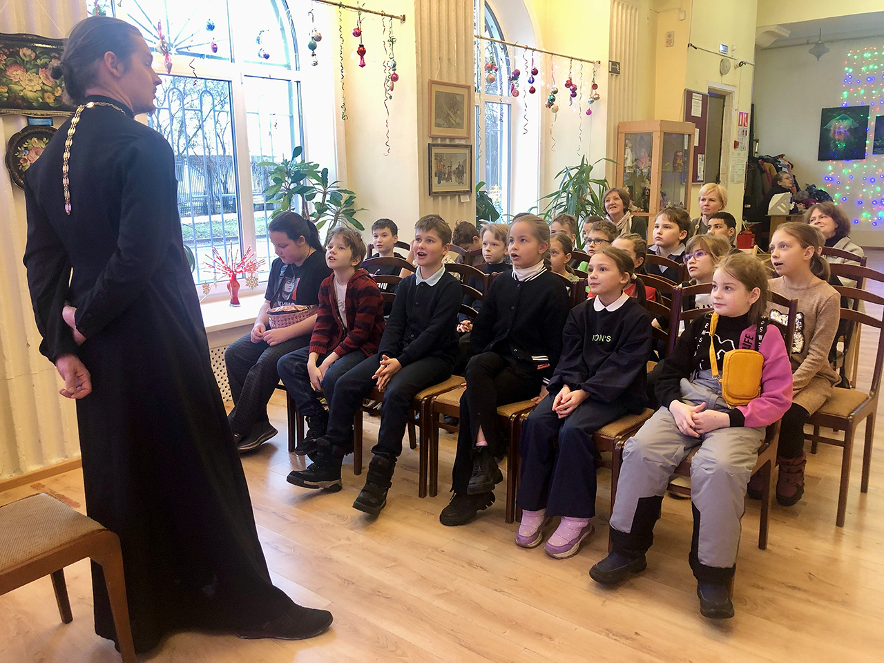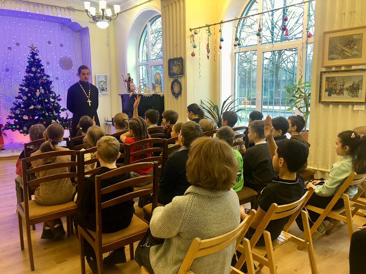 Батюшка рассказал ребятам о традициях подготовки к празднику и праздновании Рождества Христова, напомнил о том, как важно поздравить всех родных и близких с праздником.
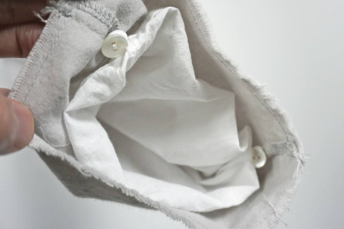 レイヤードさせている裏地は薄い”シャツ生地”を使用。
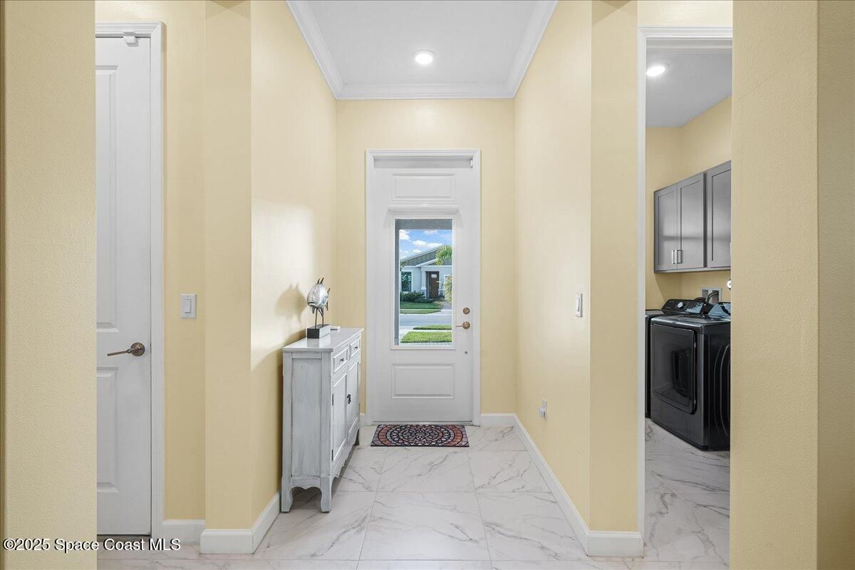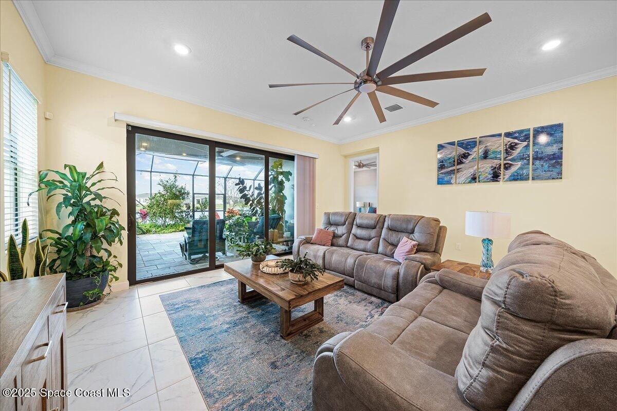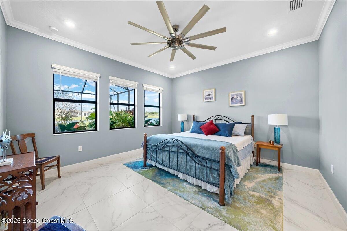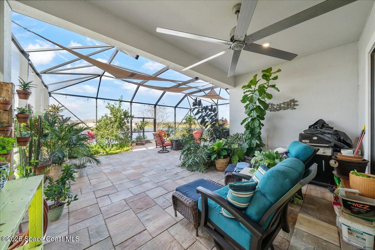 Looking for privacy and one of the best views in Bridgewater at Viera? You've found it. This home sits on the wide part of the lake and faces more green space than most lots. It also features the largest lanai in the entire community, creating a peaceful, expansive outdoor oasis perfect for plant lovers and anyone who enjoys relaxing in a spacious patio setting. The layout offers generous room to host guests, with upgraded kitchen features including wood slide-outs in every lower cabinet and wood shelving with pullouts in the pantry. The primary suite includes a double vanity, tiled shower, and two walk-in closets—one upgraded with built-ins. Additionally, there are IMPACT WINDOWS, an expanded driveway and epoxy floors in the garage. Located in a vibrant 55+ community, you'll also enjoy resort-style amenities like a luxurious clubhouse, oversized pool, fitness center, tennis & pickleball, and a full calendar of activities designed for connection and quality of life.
...
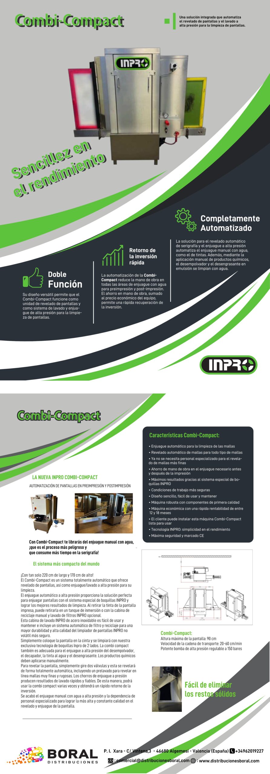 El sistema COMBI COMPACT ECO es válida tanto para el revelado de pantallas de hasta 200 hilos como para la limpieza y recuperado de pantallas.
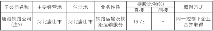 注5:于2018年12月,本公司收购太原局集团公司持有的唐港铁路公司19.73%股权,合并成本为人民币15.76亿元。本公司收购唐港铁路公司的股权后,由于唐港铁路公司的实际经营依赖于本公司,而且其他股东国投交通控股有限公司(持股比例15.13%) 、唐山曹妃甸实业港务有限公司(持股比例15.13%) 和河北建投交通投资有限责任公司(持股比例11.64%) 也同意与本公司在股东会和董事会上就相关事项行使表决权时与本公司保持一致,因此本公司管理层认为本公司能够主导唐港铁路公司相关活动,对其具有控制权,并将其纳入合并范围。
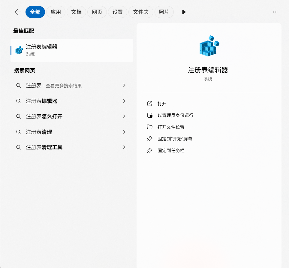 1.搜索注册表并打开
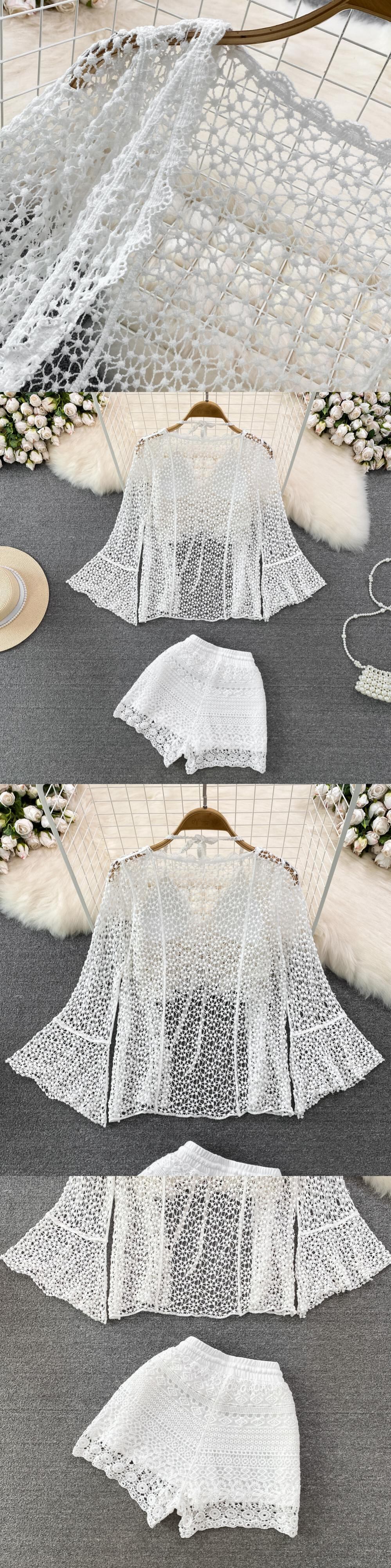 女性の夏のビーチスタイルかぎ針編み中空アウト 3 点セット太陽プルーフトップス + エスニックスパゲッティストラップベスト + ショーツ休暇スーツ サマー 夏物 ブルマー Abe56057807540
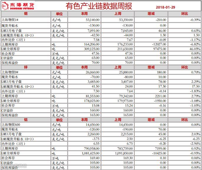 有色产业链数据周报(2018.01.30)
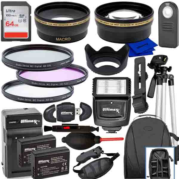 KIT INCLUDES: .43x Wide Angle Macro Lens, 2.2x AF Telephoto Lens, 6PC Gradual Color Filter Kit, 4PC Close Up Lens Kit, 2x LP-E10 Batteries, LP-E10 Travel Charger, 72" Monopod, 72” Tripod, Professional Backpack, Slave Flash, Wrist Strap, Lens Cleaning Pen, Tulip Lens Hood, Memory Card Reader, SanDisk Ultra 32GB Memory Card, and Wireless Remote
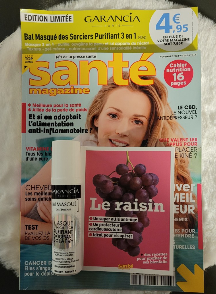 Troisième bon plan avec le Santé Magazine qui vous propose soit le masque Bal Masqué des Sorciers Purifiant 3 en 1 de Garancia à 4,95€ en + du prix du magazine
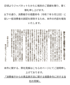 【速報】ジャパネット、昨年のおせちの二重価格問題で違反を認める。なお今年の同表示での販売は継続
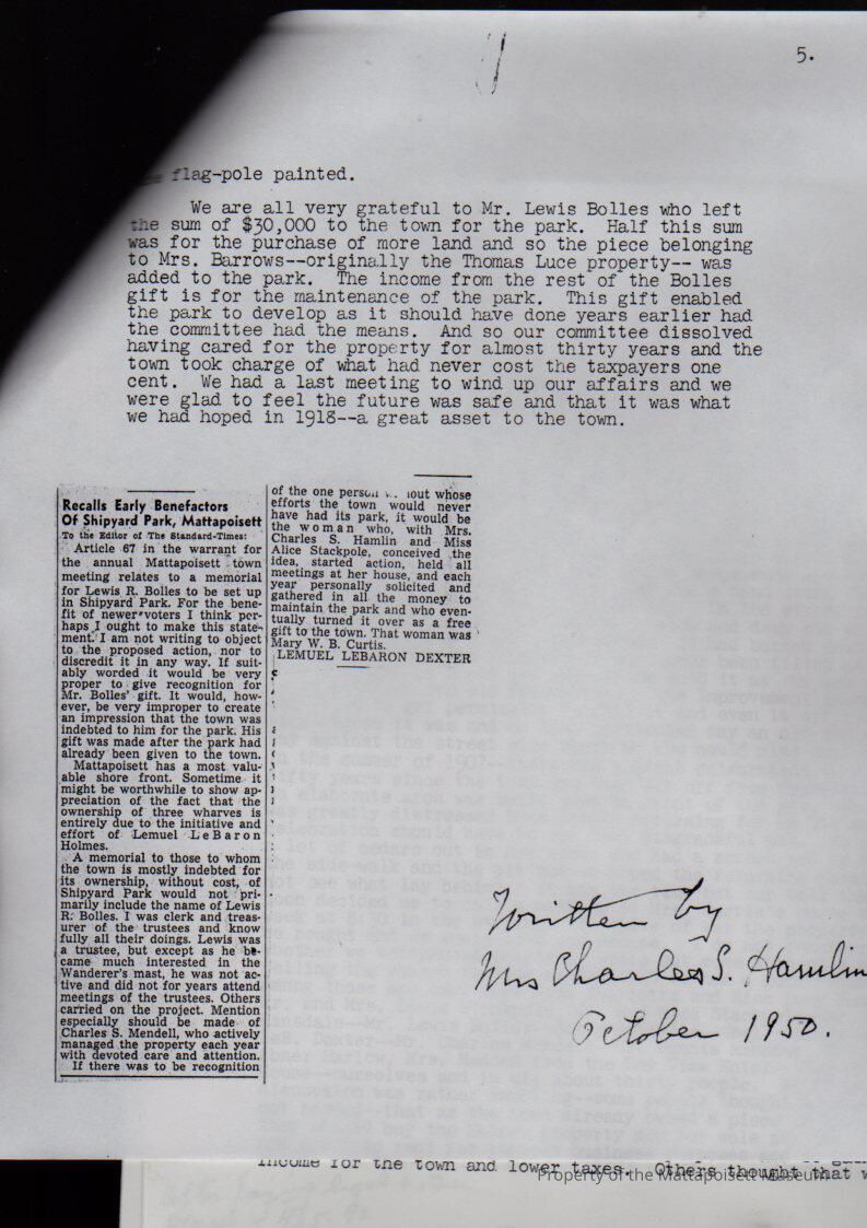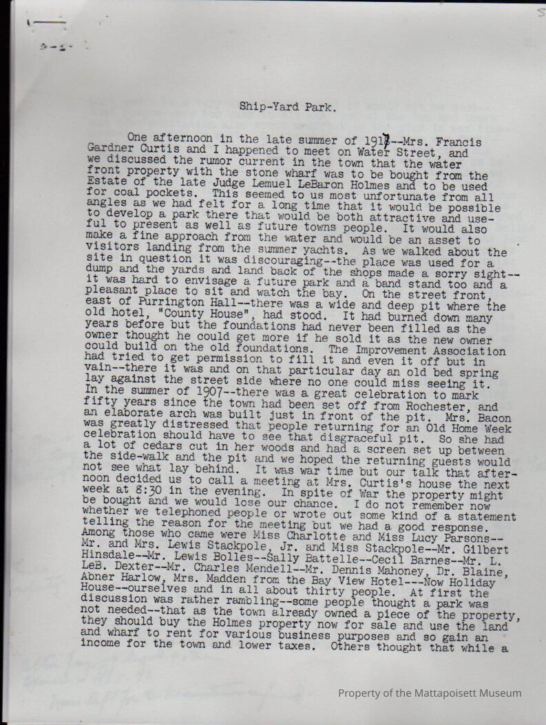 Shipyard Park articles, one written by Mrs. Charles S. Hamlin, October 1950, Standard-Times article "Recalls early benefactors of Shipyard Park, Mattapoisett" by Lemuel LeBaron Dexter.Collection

◆ **Assignment**
Between and including the line with "女性の夏のビーチスタイルかぎ針編み中空アウト 3 点セット太陽プルーフトップス" and the line with "KIT INCLUDES: .43x", repeat every line exactly as it appears above, with pictures left out.

◆ **Task solution**
 女性の夏のビーチスタイルかぎ針編み中空アウト 3 点セット太陽プルーフトップス + エスニックスパゲッティストラップベスト + ショーツ休暇スーツ サマー 夏物 ブルマー Abe56057807540
 有色产业链数据周报(2018.01.30)
 KIT INCLUDES: .43x Wide Angle Macro Lens, 2.2x AF Telephoto Lens, 6PC Gradual Color Filter Kit, 4PC Close Up Lens Kit, 2x LP-E10 Batteries, LP-E10 Travel Charger, 72" Monopod, 72” Tripod, Professional Backpack, Slave Flash, Wrist Strap, Lens Cleaning Pen, Tulip Lens Hood, Memory Card Reader, SanDisk Ultra 32GB Memory Card, and Wireless Remote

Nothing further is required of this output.